A faithful copy of the data is what is wanted, minus any pictures.
LISTED RECORDS START
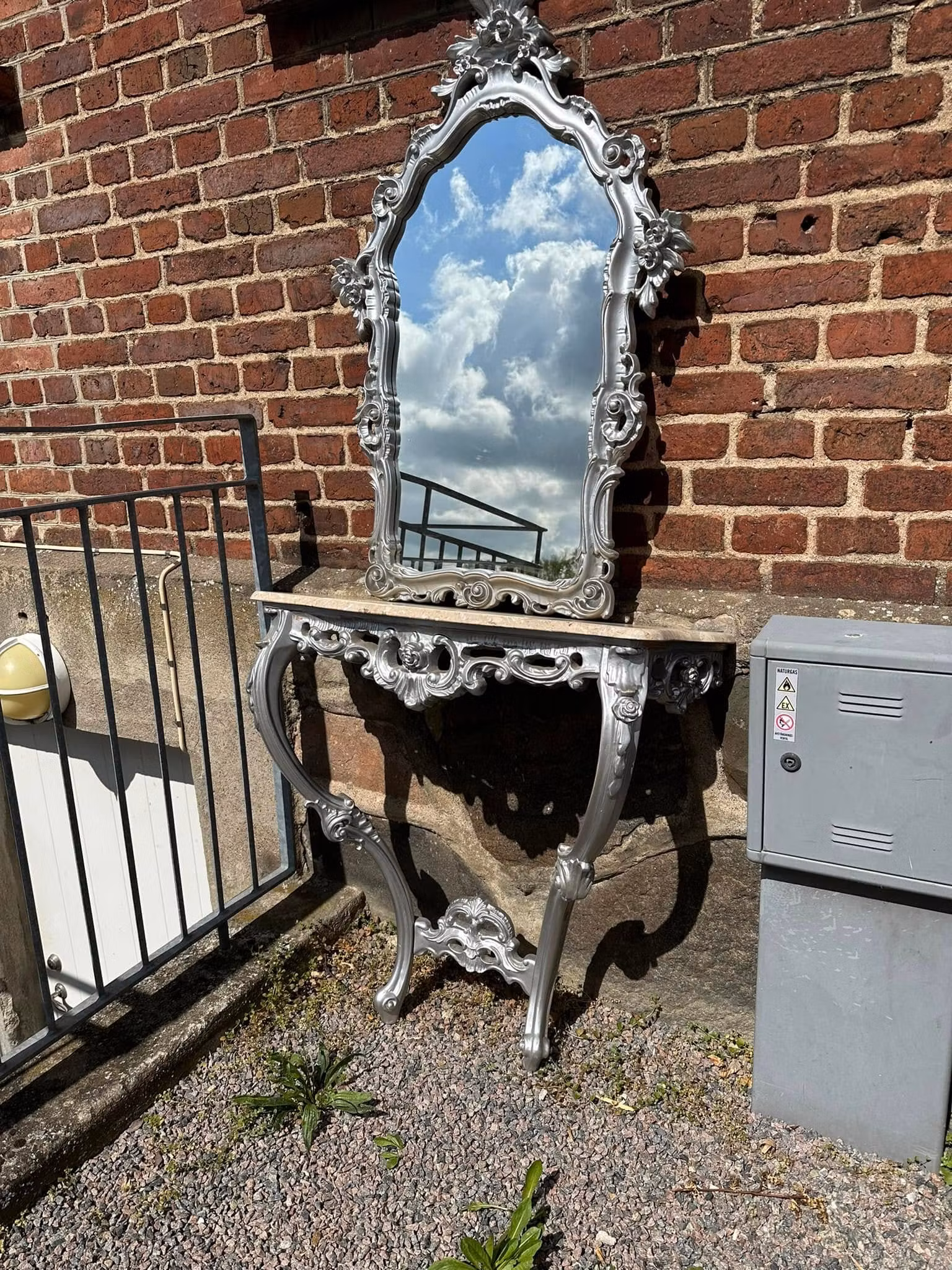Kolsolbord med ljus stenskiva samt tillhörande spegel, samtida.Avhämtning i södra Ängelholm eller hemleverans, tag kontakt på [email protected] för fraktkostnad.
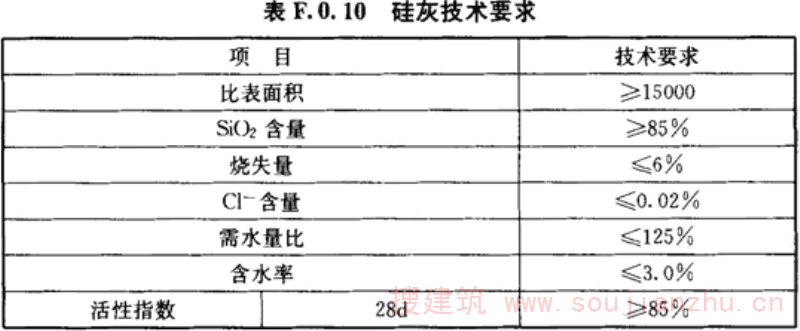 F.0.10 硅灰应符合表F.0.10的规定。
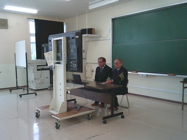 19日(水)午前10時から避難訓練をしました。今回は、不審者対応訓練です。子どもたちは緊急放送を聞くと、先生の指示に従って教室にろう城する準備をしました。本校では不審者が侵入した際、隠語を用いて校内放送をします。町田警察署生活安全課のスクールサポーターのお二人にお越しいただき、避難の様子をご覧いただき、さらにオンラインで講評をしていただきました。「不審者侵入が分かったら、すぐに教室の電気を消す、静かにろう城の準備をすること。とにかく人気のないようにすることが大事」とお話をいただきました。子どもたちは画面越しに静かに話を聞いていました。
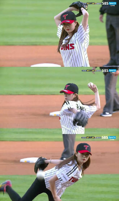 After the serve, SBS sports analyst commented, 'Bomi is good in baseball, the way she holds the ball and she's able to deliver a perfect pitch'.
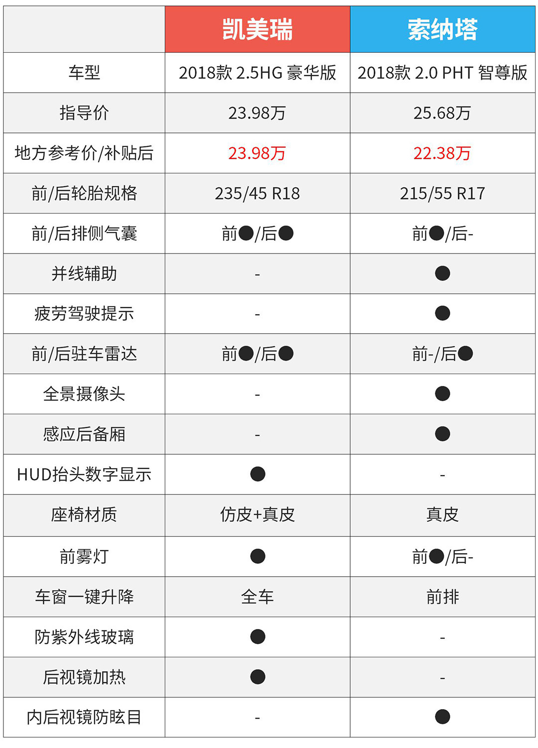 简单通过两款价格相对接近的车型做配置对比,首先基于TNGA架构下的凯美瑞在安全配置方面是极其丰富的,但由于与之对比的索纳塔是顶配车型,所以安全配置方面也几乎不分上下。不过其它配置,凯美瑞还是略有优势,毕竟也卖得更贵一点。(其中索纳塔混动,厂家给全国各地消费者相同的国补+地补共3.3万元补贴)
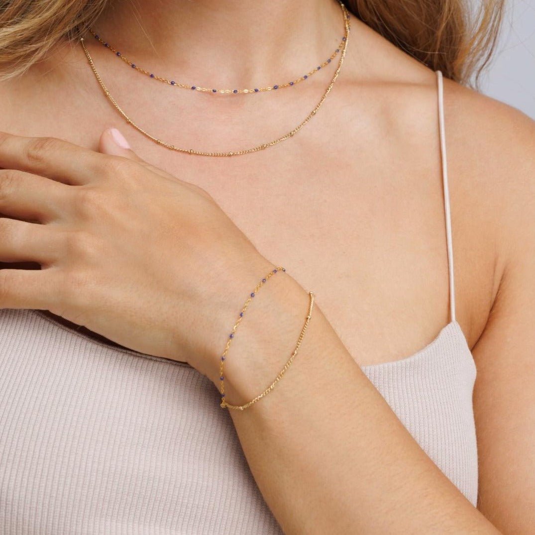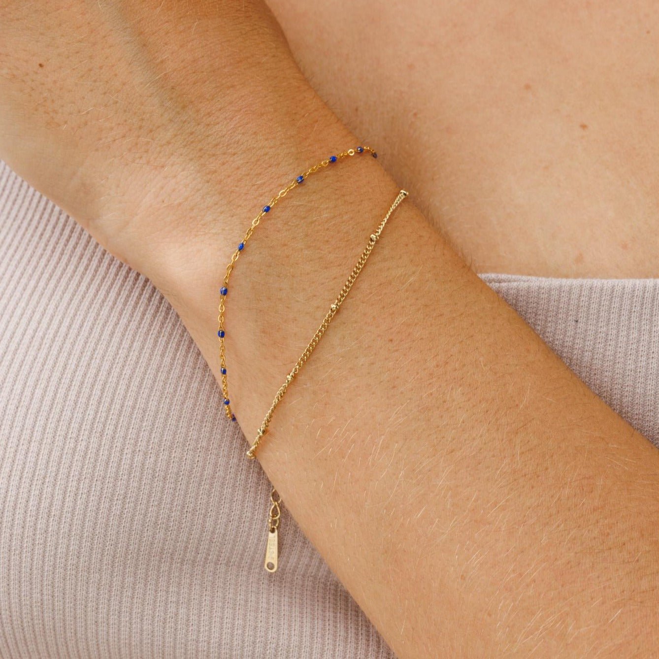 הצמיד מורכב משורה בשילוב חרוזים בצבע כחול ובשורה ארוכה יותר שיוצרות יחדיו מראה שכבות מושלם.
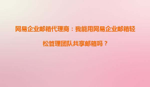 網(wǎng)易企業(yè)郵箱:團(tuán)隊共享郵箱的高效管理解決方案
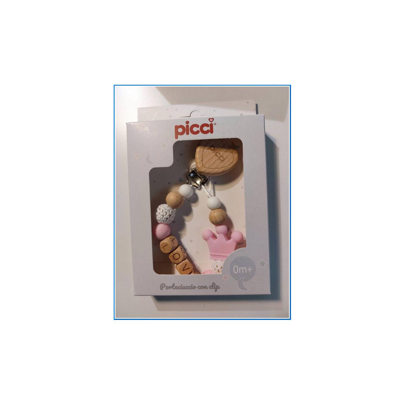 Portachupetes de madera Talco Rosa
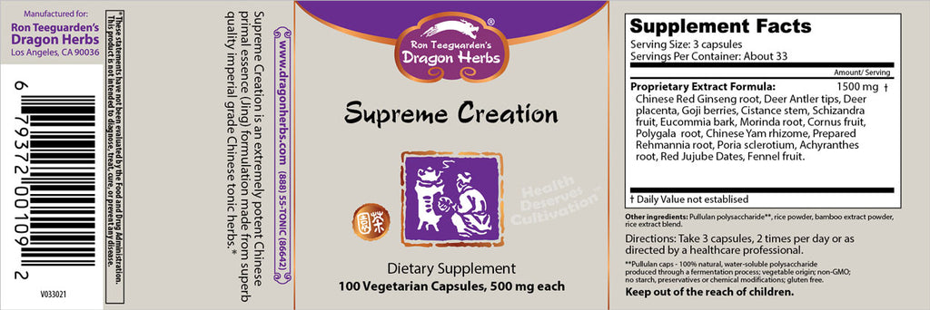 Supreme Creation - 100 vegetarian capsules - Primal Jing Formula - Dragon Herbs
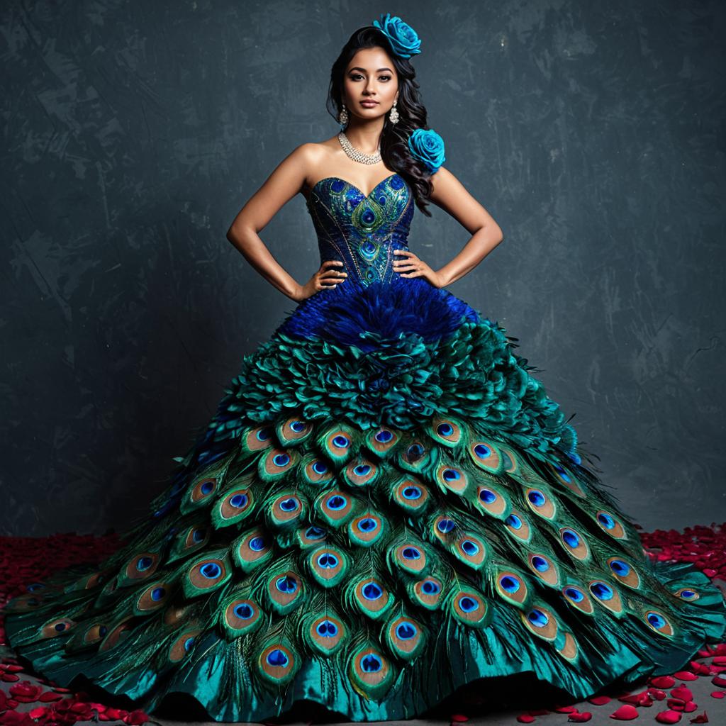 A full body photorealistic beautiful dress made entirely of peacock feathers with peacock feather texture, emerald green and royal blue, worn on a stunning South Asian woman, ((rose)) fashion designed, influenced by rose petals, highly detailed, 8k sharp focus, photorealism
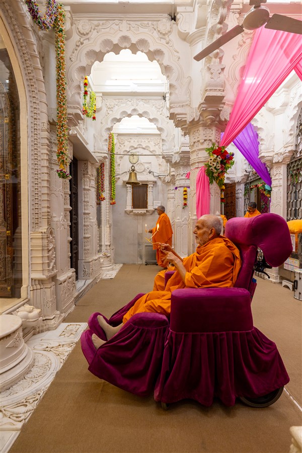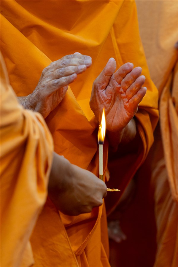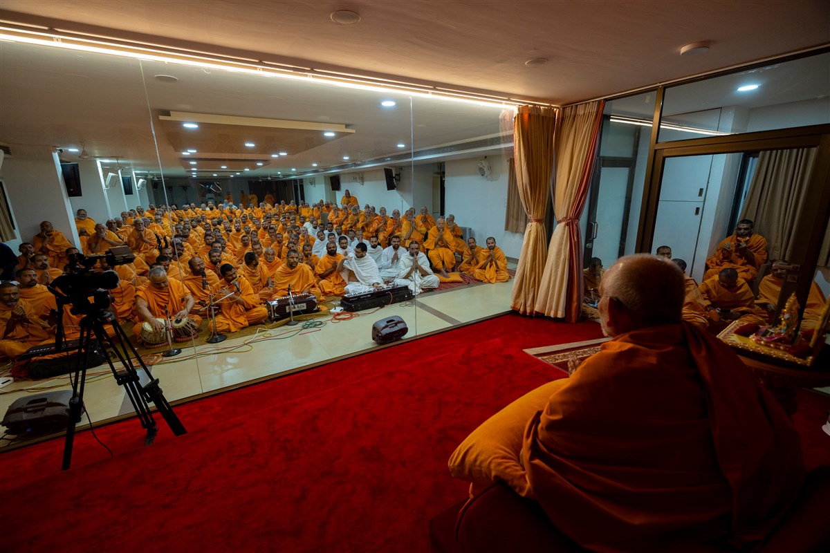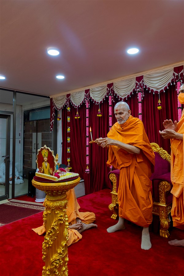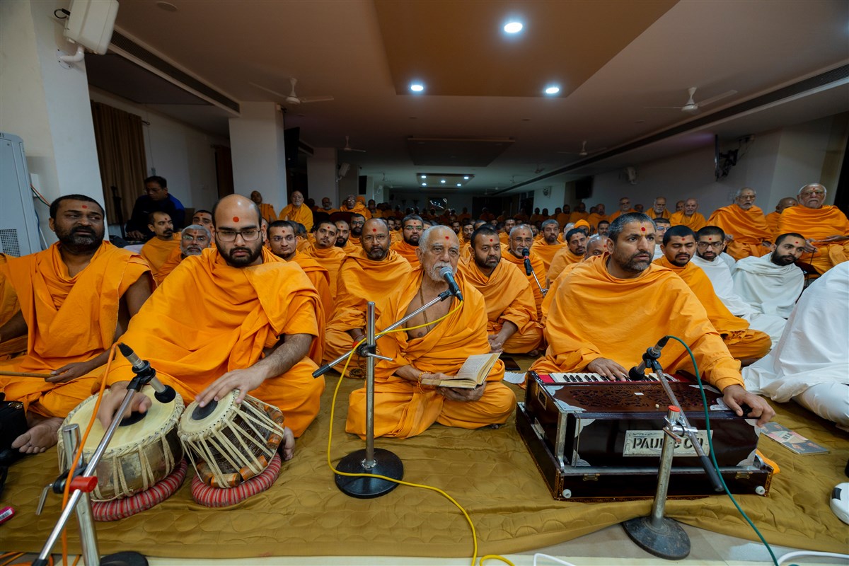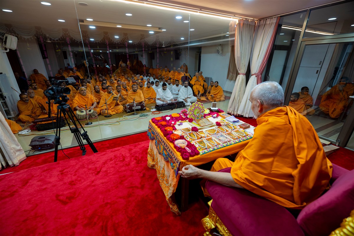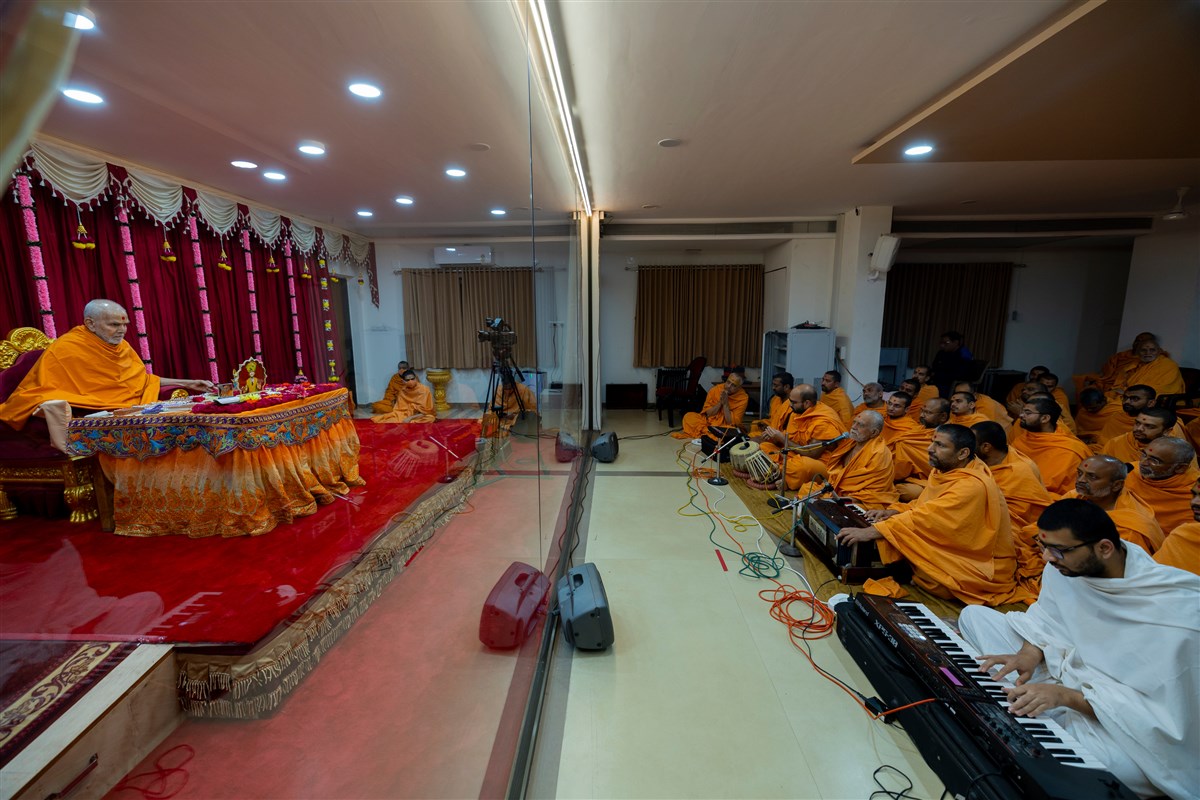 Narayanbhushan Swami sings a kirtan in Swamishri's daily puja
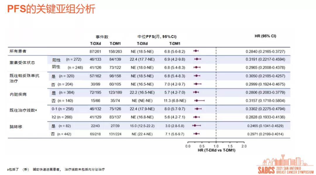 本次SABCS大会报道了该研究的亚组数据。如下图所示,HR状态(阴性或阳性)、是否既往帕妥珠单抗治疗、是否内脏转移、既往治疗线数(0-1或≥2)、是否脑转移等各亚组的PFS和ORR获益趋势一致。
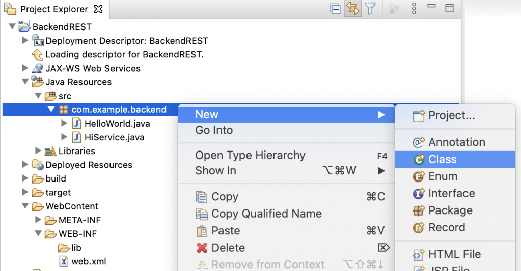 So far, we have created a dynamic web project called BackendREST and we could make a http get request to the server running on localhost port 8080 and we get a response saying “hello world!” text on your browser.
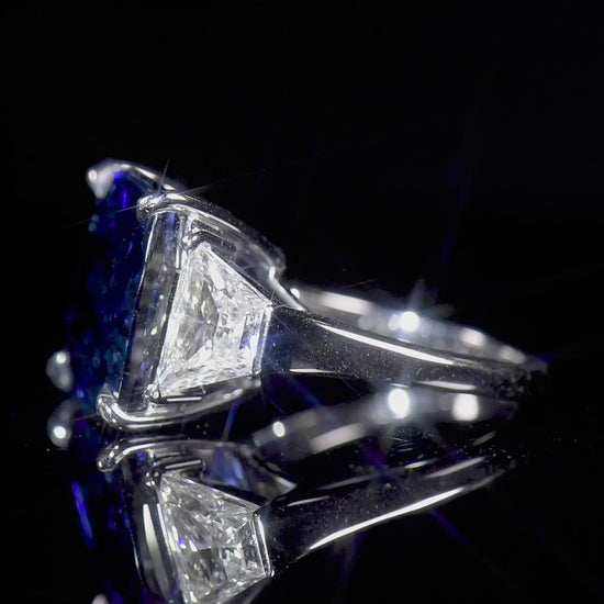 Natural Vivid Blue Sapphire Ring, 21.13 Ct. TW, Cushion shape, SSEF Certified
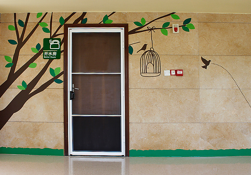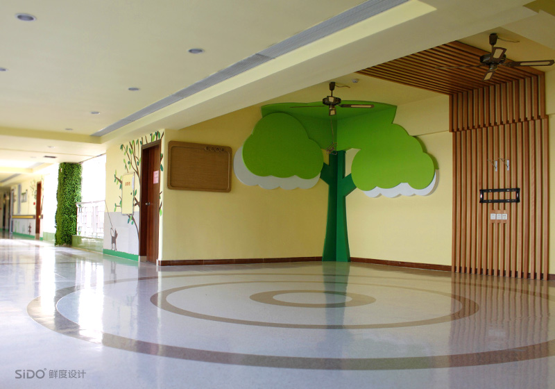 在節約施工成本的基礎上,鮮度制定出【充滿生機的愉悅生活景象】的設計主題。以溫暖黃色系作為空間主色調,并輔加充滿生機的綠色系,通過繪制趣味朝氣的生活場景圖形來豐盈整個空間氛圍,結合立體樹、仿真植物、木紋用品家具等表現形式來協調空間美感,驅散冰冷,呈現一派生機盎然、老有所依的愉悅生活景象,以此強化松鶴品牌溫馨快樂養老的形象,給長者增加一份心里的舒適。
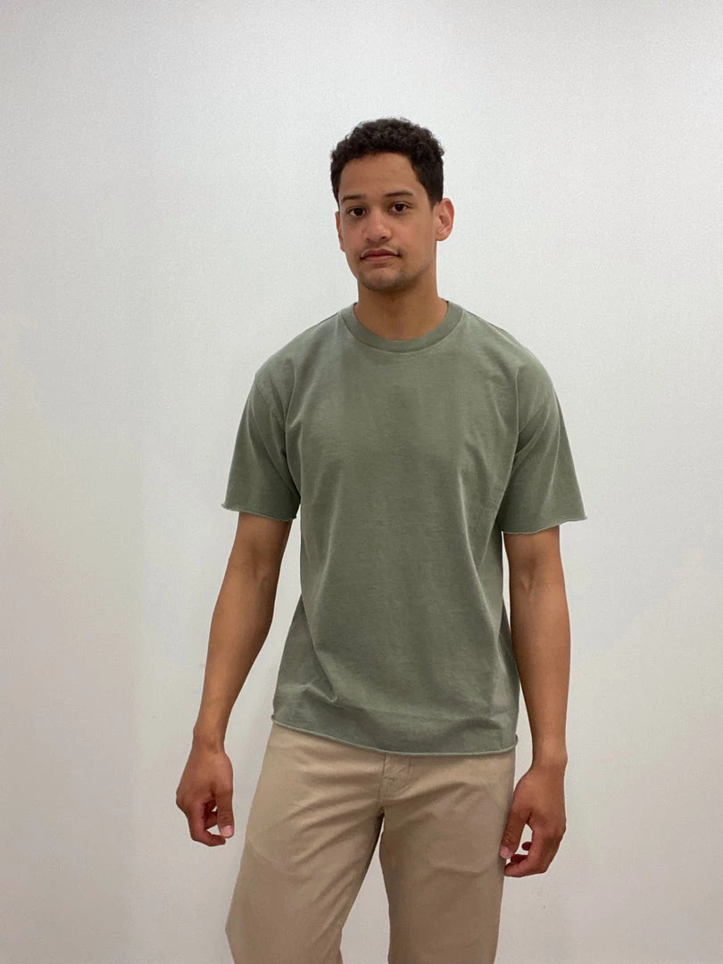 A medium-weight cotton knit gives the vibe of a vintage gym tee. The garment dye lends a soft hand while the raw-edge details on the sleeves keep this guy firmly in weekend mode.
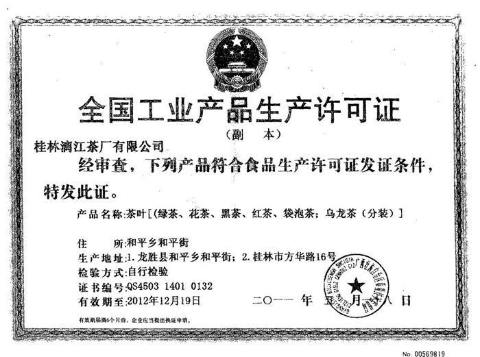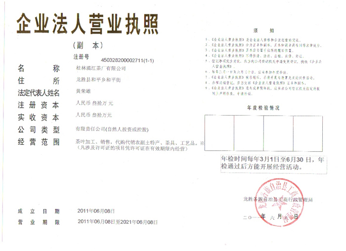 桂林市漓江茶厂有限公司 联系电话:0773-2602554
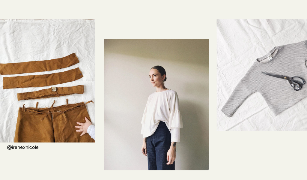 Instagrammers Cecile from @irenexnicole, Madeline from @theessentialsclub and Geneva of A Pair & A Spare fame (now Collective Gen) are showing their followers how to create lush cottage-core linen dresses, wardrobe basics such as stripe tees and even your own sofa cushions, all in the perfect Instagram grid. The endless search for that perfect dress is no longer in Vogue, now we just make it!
LISTED RECORDS END
● RESULT
Kolsolbord med ljus stenskiva samt tillhörande spegel, samtida.Avhämtning i södra Ängelholm eller hemleverans, tag kontakt på [email protected] för fraktkostnad.
 F.0.10 硅灰应符合表F.0.10的规定。
 19日(水)午前10時から避難訓練をしました。今回は、不審者対応訓練です。子どもたちは緊急放送を聞くと、先生の指示に従って教室にろう城する準備をしました。本校では不審者が侵入した際、隠語を用いて校内放送をします。町田警察署生活安全課のスクールサポーターのお二人にお越しいただき、避難の様子をご覧いただき、さらにオンラインで講評をしていただきました。「不審者侵入が分かったら、すぐに教室の電気を消す、静かにろう城の準備をすること。とにかく人気のないようにすることが大事」とお話をいただきました。子どもたちは画面越しに静かに話を聞いていました。
 After the serve, SBS sports analyst commented, 'Bomi is good in baseball, the way she holds the ball and she's able to deliver a perfect pitch'.
 简单通过两款价格相对接近的车型做配置对比,首先基于TNGA架构下的凯美瑞在安全配置方面是极其丰富的,但由于与之对比的索纳塔是顶配车型,所以安全配置方面也几乎不分上下。不过其它配置,凯美瑞还是略有优势,毕竟也卖得更贵一点。(其中索纳塔混动,厂家给全国各地消费者相同的国补+地补共3.3万元补贴)
 הצמיד מורכב משורה בשילוב חרוזים בצבע כחול ובשורה ארוכה יותר שיוצרות יחדיו מראה שכבות מושלם.
 網(wǎng)易企業(yè)郵箱:團(tuán)隊共享郵箱的高效管理解決方案
 Portachupetes de madera Talco Rosa
 Supreme Creation - 100 vegetarian capsules - Primal Jing Formula - Dragon Herbs
 A full body photorealistic beautiful dress made entirely of peacock feathers with peacock feather texture, emerald green and royal blue, worn on a stunning South Asian woman, ((rose)) fashion designed, influenced by rose petals, highly detailed, 8k sharp focus, photorealism
 Narayanbhushan Swami sings a kirtan in Swamishri's daily puja
 本次SABCS大会报道了该研究的亚组数据。如下图所示,HR状态(阴性或阳性)、是否既往帕妥珠单抗治疗、是否内脏转移、既往治疗线数(0-1或≥2)、是否脑转移等各亚组的PFS和ORR获益趋势一致。
 So far, we have created a dynamic web project called BackendREST and we could make a http get request to the server running on localhost port 8080 and we get a response saying “hello world!” text on your browser.
 Natural Vivid Blue Sapphire Ring, 21.13 Ct. TW, Cushion shape, SSEF Certified
 在節約施工成本的基礎上,鮮度制定出【充滿生機的愉悅生活景象】的設計主題。以溫暖黃色系作為空間主色調,并輔加充滿生機的綠色系,通過繪制趣味朝氣的生活場景圖形來豐盈整個空間氛圍,結合立體樹、仿真植物、木紋用品家具等表現形式來協調空間美感,驅散冰冷,呈現一派生機盎然、老有所依的愉悅生活景象,以此強化松鶴品牌溫馨快樂養老的形象,給長者增加一份心里的舒適。
 A medium-weight cotton knit gives the vibe of a vintage gym tee. The garment dye lends a soft hand while the raw-edge details on the sleeves keep this guy firmly in weekend mode.
 桂林市漓江茶厂有限公司 联系电话:0773-2602554
 Instagrammers Cecile from @irenexnicole, Madeline from @theessentialsclub and Geneva of A Pair & A Spare fame (now Collective Gen) are showing their followers how to create lush cottage-core linen dresses, wardrobe basics such as stripe tees and even your own sofa cushions, all in the perfect Instagram grid. The endless search for that perfect dress is no longer in Vogue, now we just make it!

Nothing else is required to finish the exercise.